Restate the listing below word for word; no pictures belong in the copy.

▶ Collected material:
· · · · · · ·

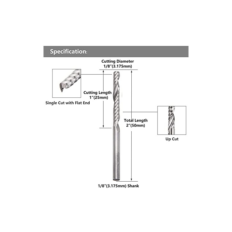 • Type: Spiral (Upcut), Cutting Type: Single Flute with Flat End, Shank: 1/8" (3.175mm), Cutting Diameter: 1/8" (3.175mm), Cutting Length: 1" (25mm), Overall Length: 2" (50mm)
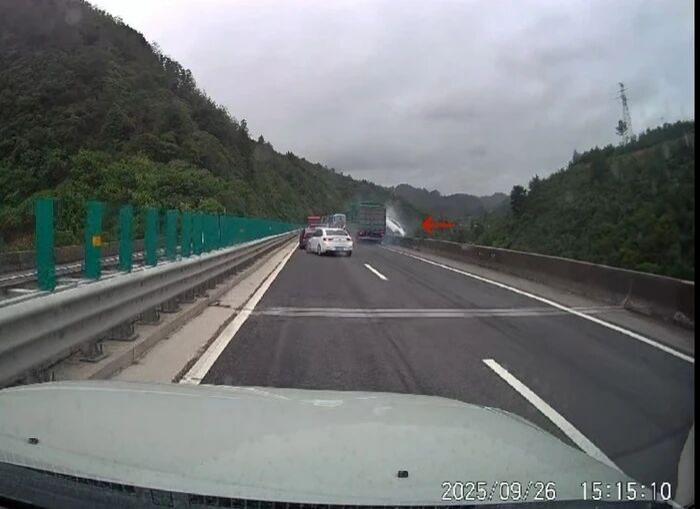 9 月 26 日下午,沪昆高速贵州黔南州贵定县段二道坝大桥处,发生严重交通事故。网友发布的行车记录仪显示,9 月 26 日 15 时 15 分,沪昆高速贵定县段二道坝大桥上,一辆大货车未刹住车,撞向前往拥堵的车流,一辆轿车被撞飞至桥下,桥上也有多车受损。现场视频显示,被撞飞到桥下的车辆侧躺在便道上,桥面落差约有十多米高。
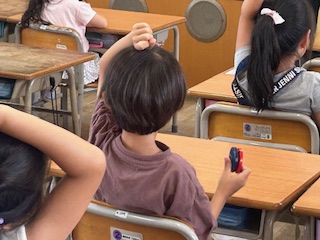 そのあと、カスタネットでリズムまねっこをしました

· · · · · · ·

▶ Task response:
 • Type: Spiral (Upcut), Cutting Type: Single Flute with Flat End, Shank: 1/8" (3.175mm), Cutting Diameter: 1/8" (3.175mm), Cutting Length: 1" (25mm), Overall Length: 2" (50mm)
 9 月 26 日下午,沪昆高速贵州黔南州贵定县段二道坝大桥处,发生严重交通事故。网友发布的行车记录仪显示,9 月 26 日 15 时 15 分,沪昆高速贵定县段二道坝大桥上,一辆大货车未刹住车,撞向前往拥堵的车流,一辆轿车被撞飞至桥下,桥上也有多车受损。现场视频显示,被撞飞到桥下的车辆侧躺在便道上,桥面落差约有十多米高。
 そのあと、カスタネットでリズムまねっこをしました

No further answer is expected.